### [EXERCISE BRIEF]
Two lines in the listing below mark the span: one contains "極上赤身ステーキの上に、和牛" and one contains "Changes current Firearm". Reproduce both of them and everything between, exactly.

### [RECORDED INFORMATION]
.....
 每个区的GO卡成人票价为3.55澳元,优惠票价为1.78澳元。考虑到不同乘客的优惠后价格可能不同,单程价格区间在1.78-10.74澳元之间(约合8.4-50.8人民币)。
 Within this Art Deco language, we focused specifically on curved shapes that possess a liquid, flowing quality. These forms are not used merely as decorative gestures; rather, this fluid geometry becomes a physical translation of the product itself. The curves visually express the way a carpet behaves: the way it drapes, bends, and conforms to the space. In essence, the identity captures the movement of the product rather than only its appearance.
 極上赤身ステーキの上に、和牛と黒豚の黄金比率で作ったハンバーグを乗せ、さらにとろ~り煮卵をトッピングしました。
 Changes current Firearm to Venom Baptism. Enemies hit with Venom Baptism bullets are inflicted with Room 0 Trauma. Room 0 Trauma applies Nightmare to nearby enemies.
.....
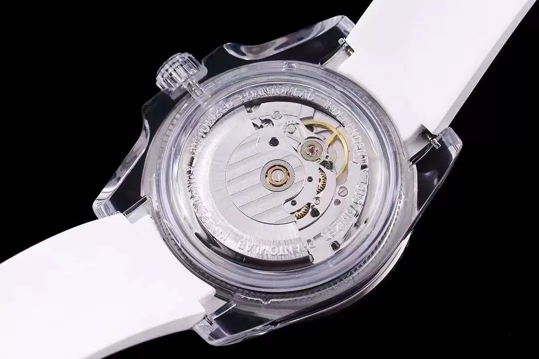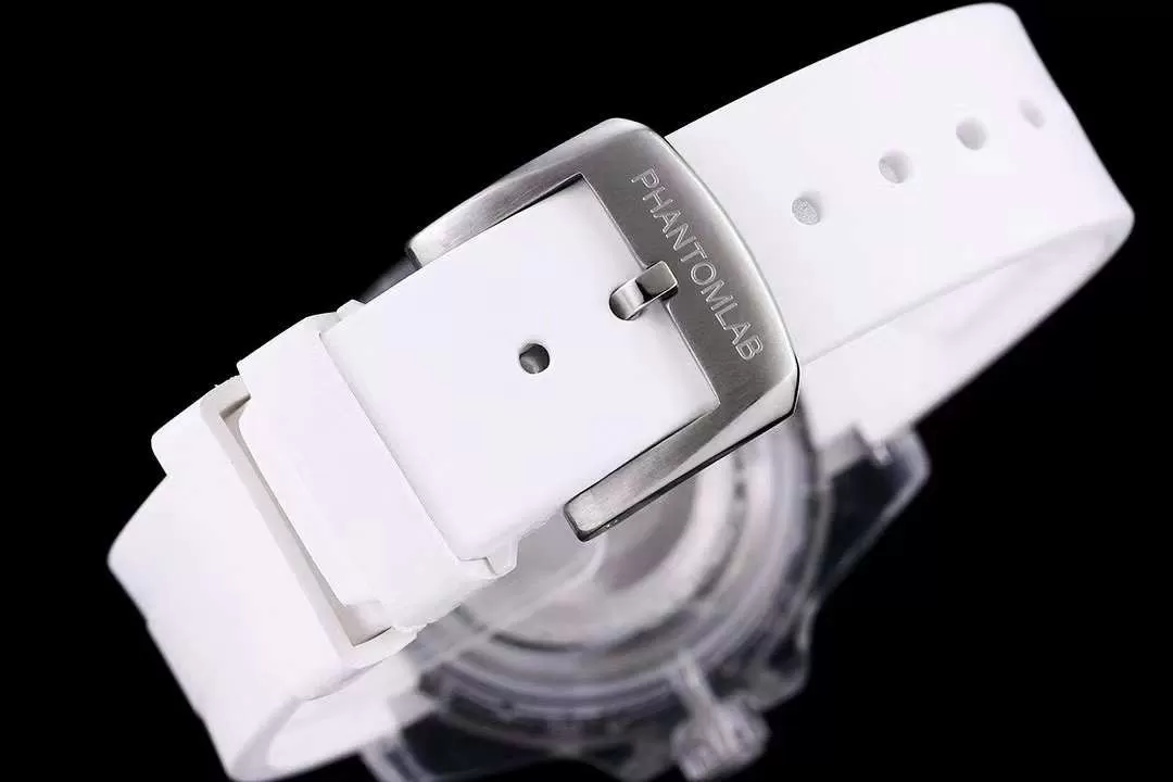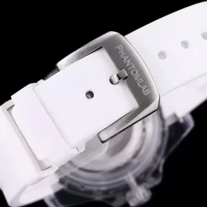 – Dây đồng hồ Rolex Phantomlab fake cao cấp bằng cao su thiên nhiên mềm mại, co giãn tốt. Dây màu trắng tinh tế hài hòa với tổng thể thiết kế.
.....
### [TASK OUTPUT]
 極上赤身ステーキの上に、和牛と黒豚の黄金比率で作ったハンバーグを乗せ、さらにとろ~り煮卵をトッピングしました。
 Changes current Firearm to Venom Baptism. Enemies hit with Venom Baptism bullets are inflicted with Room 0 Trauma. Room 0 Trauma applies Nightmare to nearby enemies.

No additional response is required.